Wednesday, May 20, 2009

Interesting Points Made While Selling Out Your Colleagues

An interesting commentary on CNN.com made the argument that contrary to President Obama's claim that our country is not producing enough primary care physicians, the reality is that the root of problem would probably be served poorly, or even exacerbated by a push for more physicians.

The rebuttal is penned by Clayton Christensen and Jason Hwang, M.D. M.B.A., authors of "The Innovator's Prescription: A Disruptive Solution for Health Care", and argues that the the gaps in primary care would most cost-effectively be addressed by nurse-run clinics, as opposed to primary care physicians. For those primary care physicians, their plan would be to leverage expert software so they could do some work that medical specialists would normally do. As for the specialists? The plan would be for them "to do even more complicated work that merits their additional training."

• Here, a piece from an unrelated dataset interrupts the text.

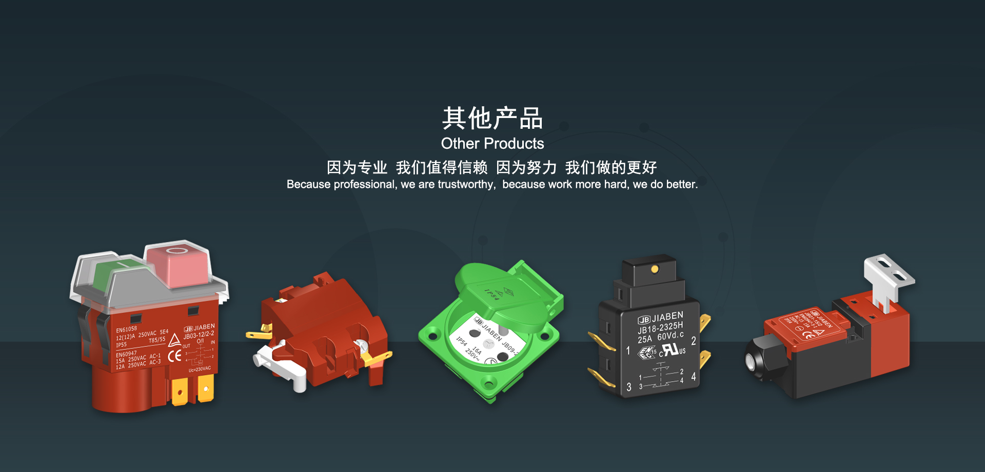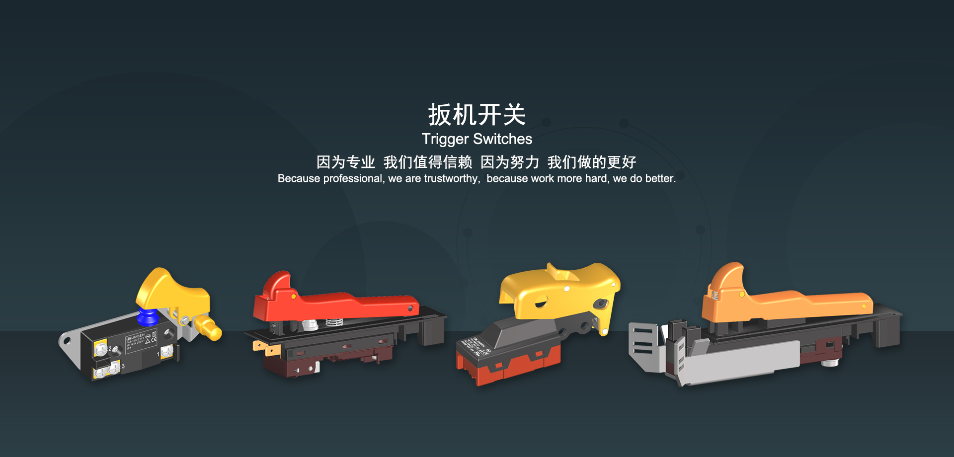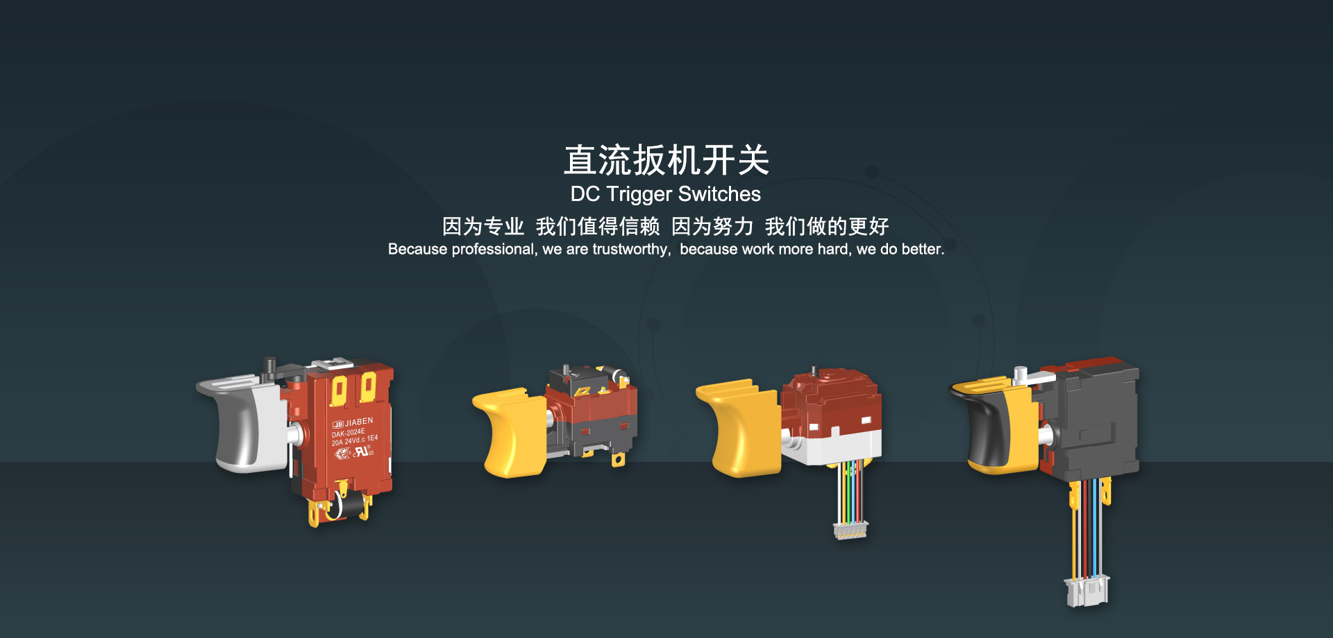 浙江佳奔電子有限公司始建于1986年,坐落于浙江省樂清市虹橋鎮(zhèn)東電子信息產(chǎn)業(yè)園內(nèi),現(xiàn)有職工700多人,資產(chǎn)總額超3億元。公司主要經(jīng)營“JIABEN”牌微動開關(guān)、蹺板開關(guān)、按鈕開關(guān)、扳機開關(guān)、調(diào)速開關(guān)和電位器開關(guān)等各類交、直流器具開關(guān)和各類交、直流線路板模塊等產(chǎn)品,主要應用于交、直流電動工具、電動園林工具、清潔器具、家用電器和小型機床等行業(yè),是集產(chǎn)品設計、研發(fā)、制造、銷售和服務于一體的國家高新技術(shù)企業(yè)。JIABEN was founded in 1986, located in East Electronic Information Industry Park, Hongqiao Town, Yueqing City, Zhejiang Proviance, existing staff more than 700 peoples, more than 300 million RMB worth of assets. Company is mainly engaged in "JIABEN" brand Micro Switch, Rocker Switch, Push-button Switch, Trigger Switch, Speed Regulating Switch, Potentiometer Switch and other kinds of appliance switch and all kinds of AC or DC circuit board module, such as more than 100 series, 8000 kinds of models of products, mainly used in AC or DC Power-tools, Power Gardening Tools, Cleaning Appliances, Household Appliances and Small Machine Tool and other industries, is the collection product design, research and development, manufacturing, sales and service in one of the national high and new technology enterprise.

I actually like the idea in theory. It's essentially built upon a theory that less-expensive resources can effectively do work "further up the food chain", so primary care gets cheaper and so does specialist-type procedures. What's not completely clear to me, is how this the change in the balance of supply and demand will affect the individual providers of those services.

Put another way, if you view healthcare services as pillar, which might be a pyramid. The base of the rock represents primary care, and salary per practitioner will decrease as will costs per patient. Assuming that primary care physicians remain the same in number but will now be pushed up to lower frequency specialist procedures, will there be a corresponding drop in revenue per doctor? And how many specialists will you need to do that aforementioned "complicated work that that merits their additional training"? I never got the sense that specialists were desperate to do primary-care work to pay the rent. Is there going to be sufficient demand for all of these specialists who now have primary care physicians doing some of their former work?

With the proposed influx of nurses and nurse-practitioners who will now focus on the former domain of primary care physicians, we may see lower salaries for physicians, both primary and speciality care. And unless medical schools restrict supply appropriately, you may see doctors without a chair to sit in. So Dr. Hwang, your brilliant ideas might not be the greatest prescription for your fellow physicians.